**Task details**
Drop every image, then reproduce the data exactly as given.

Data records:
===

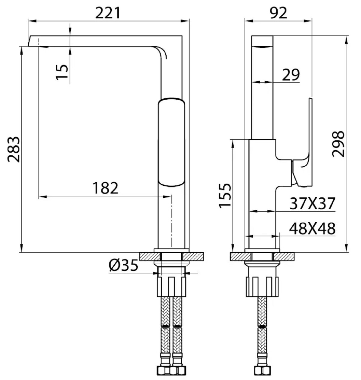 | Комплектация | Смеситель, набор крепежа для установки смесителя, установочный ключ, 2 гибких шланга для подвода воды |
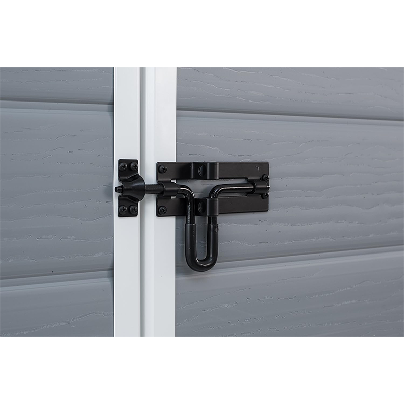 The spacious Manor 6x8 shed makes organizing your outdoor space easy and attractive. Combining low maintenance needs with walls that give the plastic the look of wood, it features lockable double doors that allow easy access to your items, floor panels to keep your belongings clean and dry, fixed windows that let daylight in, and vents that provide ample ventilation, as well as a high ceiling for freedom of movement. Assembly is quick and easy, just as you expect.
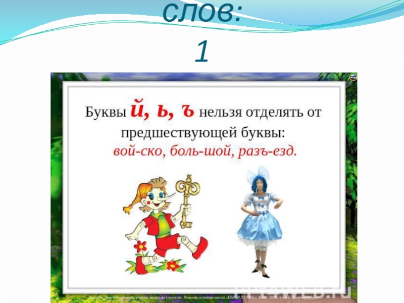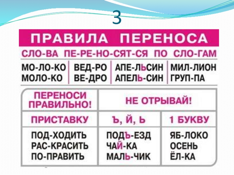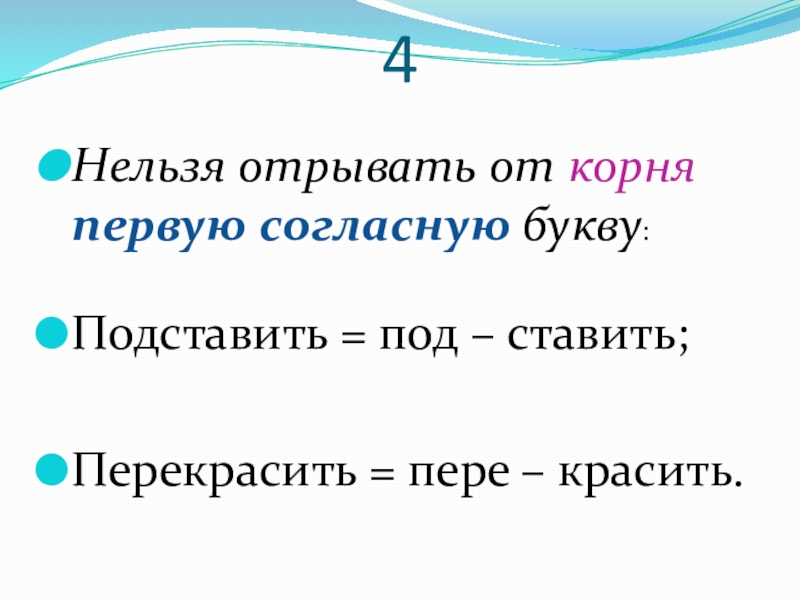 4Нельзя отрывать от корня первую согласную букву:Подставить = под – ставить;Перекрасить = пере – красить.
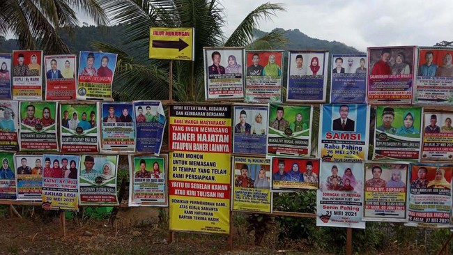 Trenggalek - Ribuan reklame terpasang di berbagai tempat di Kecamatan Munjungan, Trenggalek. Ini bukan reklame Pilkada, melainkan undangan warga yang menggelar hajatan.
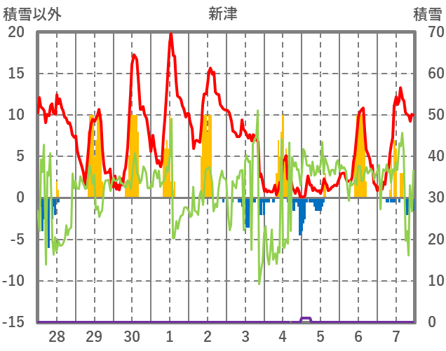 | 日 | 時 | 気温 | 降水 | 風向/風速 | 日照 | 積雪 | 降雪 |
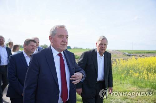 epa09951167 Polish Agriculture Minister Henryk Kowalczyk (C) and US Agriculture Secretary Tom Vilsack (R) during a visit with Ukrainian Agriculture Minister Mykola Solskyi (not pictured) to the farm of a Polish farmer Wiktor Szmulewicz in Stare Swiecice, east-central Poland, 16 May 2022. EPA/Leszek Szymanski POLAND OUT

===

**Output of the exercise**
 | Комплектация | Смеситель, набор крепежа для установки смесителя, установочный ключ, 2 гибких шланга для подвода воды |
 The spacious Manor 6x8 shed makes organizing your outdoor space easy and attractive. Combining low maintenance needs with walls that give the plastic the look of wood, it features lockable double doors that allow easy access to your items, floor panels to keep your belongings clean and dry, fixed windows that let daylight in, and vents that provide ample ventilation, as well as a high ceiling for freedom of movement. Assembly is quick and easy, just as you expect.
 4Нельзя отрывать от корня первую согласную букву:Подставить = под – ставить;Перекрасить = пере – красить.
 Trenggalek - Ribuan reklame terpasang di berbagai tempat di Kecamatan Munjungan, Trenggalek. Ini bukan reklame Pilkada, melainkan undangan warga yang menggelar hajatan.
 | 日 | 時 | 気温 | 降水 | 風向/風速 | 日照 | 積雪 | 降雪 |
 epa09951167 Polish Agriculture Minister Henryk Kowalczyk (C) and US Agriculture Secretary Tom Vilsack (R) during a visit with Ukrainian Agriculture Minister Mykola Solskyi (not pictured) to the farm of a Polish farmer Wiktor Szmulewicz in Stare Swiecice, east-central Poland, 16 May 2022. EPA/Leszek Szymanski POLAND OUT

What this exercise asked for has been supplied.